12 In his sharp criticism of Agamben and Jean-Luc Nancy, Brian Elliott believes that these two philosophers’ ideas about community and resistance do not lead to any effective political action. According to Elliott (Citation2011), these thinkers’ radical passivity is influenced by Heidegger’s fatalism, which eliminates individual agency. Elliot believes that Agamben and Nancy, under the influence of Heidegger, have eventually reached a kind of mysticism that not only does not lead to political change but also obscures political realities. However, although Agamben has undoubtedly been influenced by Heidegger, he has always emphasized that there is no “work” (ergon) or destiny for the human being. Agamben explicitly rejects fatalism. In my opinion, although Agamben’s political passivity has a mystical aspect, it is not fatalistic. This passivity is more a kind of stoicism that relies on the power of individual thought. However, another important point here is the role of political “logic” in Agamben’s thought. As Elliott writes, “Everything indicates that Agamben grasps the idea of the camp as a destiny in the Heideggerian sense of an epochal sending (Geschick) of a historical community” (264). Based on Agamben’s ideas regarding biopolitics and the state of exception, Elliott is right that the camp and its exceptional structure seems like a destiny for Western politics. However, in my opinion, this is more rooted in Agamben’s methodology rather than Heidegger’s thought. Unlike Foucault, who spoke about “analyses of power” and was against any “theory” and “universalism,” Agamben has always tried to create a kind of political “theory.”

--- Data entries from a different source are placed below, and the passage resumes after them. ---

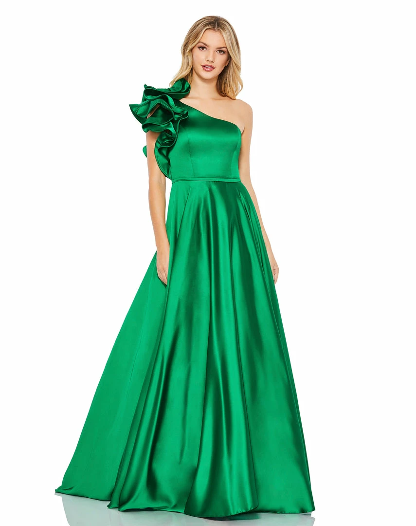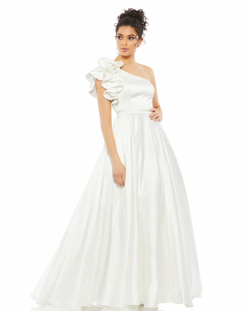 Elegant one-shoulder satin ballgown with an a-line skirt and a dramatic ruffle shoulder
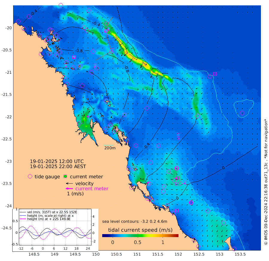 24cm/s 151T +10cm/s rms + 2cm/s 5T. Brampton I 18m 22cm/s 174T +9cm/s rms + 6cm/s 66T. Wigton I 38m 16cm/s -159T +7cm/s rms + 8cm/s 141T. Tern I 47m 23cm/s -152T +7cm/s rms + 12cm/s 54T. N Bugatti Rf 64m 21cm/s -142T +3cm/s rms + 13cm/s 178T. W Bugatti Rf 70m 13cm/s -162T +3cm/s rms + 3cm/s -130T. Creal Rf 69m 28cm/s -75T +7cm/s rms + 4cm/s 2T. North Rf 62m 23cm/s -43T +9cm/s rms + 2cm/s -56T. Cape Capricorn 26m 6cm/s -85T +5cm/s rms + 3cm/s 166T. L Musgrave I 42m 11cm/s -73T +9cm/s rms + 1cm/s -142T. Round Hill Hd 26m 4cm/s -168T +41cm/s rms + 48cm/s 116T. GBRELR 305m 12cm/s -77T +7cm/s rms + 6cm/s 123T. GBRCCH 92m 38cm/s -100T +8cm/s rms + 3cm/s -33T. GBRHIN 45m 24cm/s -93T +4cm/s rms + 2cm/s 41T. GBRHIS 46m 24cm/s -116T +16cm/s rms + 4cm/s -22T. GBROTE 59m -53cm Bell Cay -50cm Holbourne I -94cm Tern I -49cm Bugatti Rf -66cm Creal Rf -36cm White Tip I -8cm North Rf -8cm Rundle I 3cm L Musgrave I 11cm Saumarez Reef -36cm Kennedy Reef -29cm Unnamed Reef No. 2 -43cm Abbot Point -49cm Bowen -63cm Tideway Reef -56cm Hayman Island -72cm Square Reef -73cm Double Bay -87cm Molle Island -61cm Cid Harbour -66cm Hook Island -61cm Border Island -65cm Haslewood Island -71cm Shute Harbour -89cm Thomas Island -80cm Credlin Reef -94cm East Repulse Island -83cm Blacksmith Island -105cm Laguna Quays -92cm Carlisle Island (Off) -89cm St. Bees Island -75cm Scawfell Island -92cm Penrith Island -116cm Mackay Outer Harbour -121cm Hay Point -120cm Prudhoe Island -108cm Middle Island (Percy Isles) -47cm Gannet Cay -11cm Elusive Reef -180cm Mcewin Islet -81cm Mumford Island -96cm Osborn Island -97cm Marquis Island -89cm Reef Point -66cm High Peak Island -54cm Port Clinton -30cm Peaked Island -3cm Karamea Bank -21cm Johnson Patch - NW -24cm Rosslyn Bay -20cm Middle Island (Keppel Isles) -31cm Port Alma -1cm Heron Island 0cm One Tree Islet -1cm Polmaise Reef -9cm Tryon Island -2cm Rock Cod Shoal -11cm Gatcombe Head -16cm Gladstone -9cm South Trees (Storm Surge) 7cm Clews Point 6cm Round Hill Head 7cm Lady Elliot Island 3cm Breaksea Spit 7cm Bundaberg (Burnett Heads) 14cm Elliot Heads 3cm Waddy Point (Fraser Island)
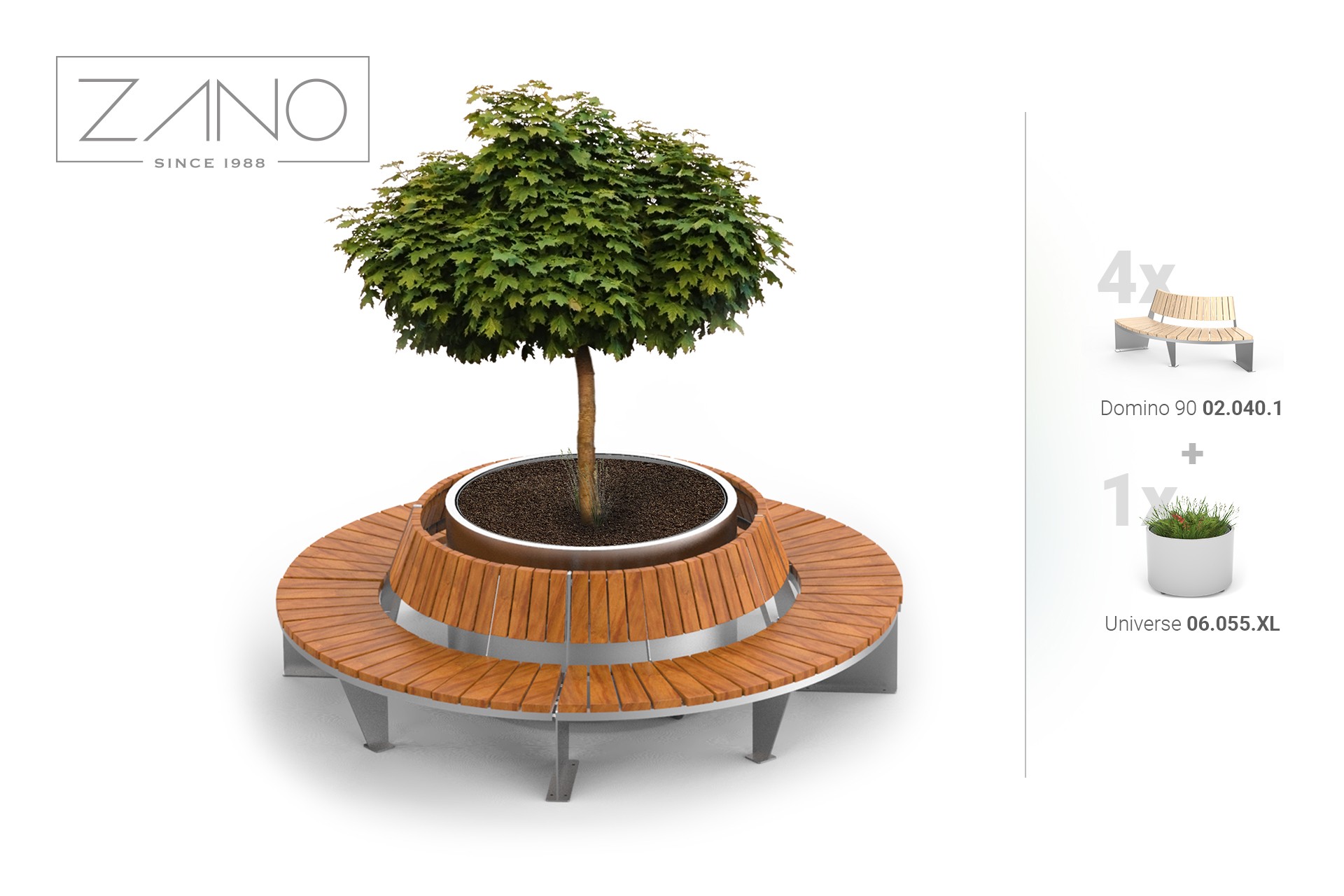 Linia de mobilier urban Universe include bănci, ghivece de flori și o stație solară, toate din oțel. Forma lor ovală, minimalistă, se potrivește perfect în mediile arhitecturale și urbane moderne.

13 Similar and even more demonstrative examples can be seen in other Middle Eastern countries, such as Afghanistan, Syria, Iraq, Iran, etc., where the main problem is still the creation of a more democratic constitution, the creation of civil institutions, and the minimal increase of individual freedoms. In a situation where many people are still suffering from hunger, how can this “as if not” and an individual politics lead to a fundamental change except for everyone crawling into the corner of their own solitude and trying to regain a potential freedom from within? In countries that can be described as politically still prelaw (in the sense that, using Kantian concepts, human “autonomy” is not approved and the law is not based on the “general will” and “human reason” but on the opinion and ideology of the sovereigns), how can one play with the law? How can people whose basic freedoms have not yet been confirmed in the law talk about crossing the public and private spheres? Imagine that, in a country where hijab wearing is compulsory, instead of fighting to overcome this oppression, women behave “as if the hijab is not compulsory.” And will there ever be a change in their situation? In fact, this strategy stabilizes the existing situation. For people who are under the rule of authoritarian and totalitarian governments, “poverty” already exists and covers all areas of life. The world is already “inappropriable” for them, and this is exactly what government wants. The situation is similar regarding the issue of playing with the law. The countries that still lack democratic law clearly illustrate the problematic link between sovereignty, the law, and playing with the law. In these countries, the sovereign is who plays with the law, using it as a tool to justify violent behavior. Bureaucracy in these countries is a way for the sovereign to play with the law and thus with citizens’ rights. The sovereign justifies violence by obscuring legal concepts and by a game of interpretating the law through lenses such as national security. Given the fact that law in such countries is not based on the general will, sovereigns misinterpret the law according to their own goals. People not only cannot play with the law but also are confused in the face of it, as they cannot recognize their real rights.

14 In Homo Sacer Agamben (Citation2017, 7–8) writes: “And only a reflection that, taking up Foucault’s and Benjamin’s suggestion, thematically interrogates the link between bare life and politics, a link that secretly governs the modern ideologies seemingly most distant from one another, will be able to bring the political out of its concealment and, at the same time, return thought to its practical calling.”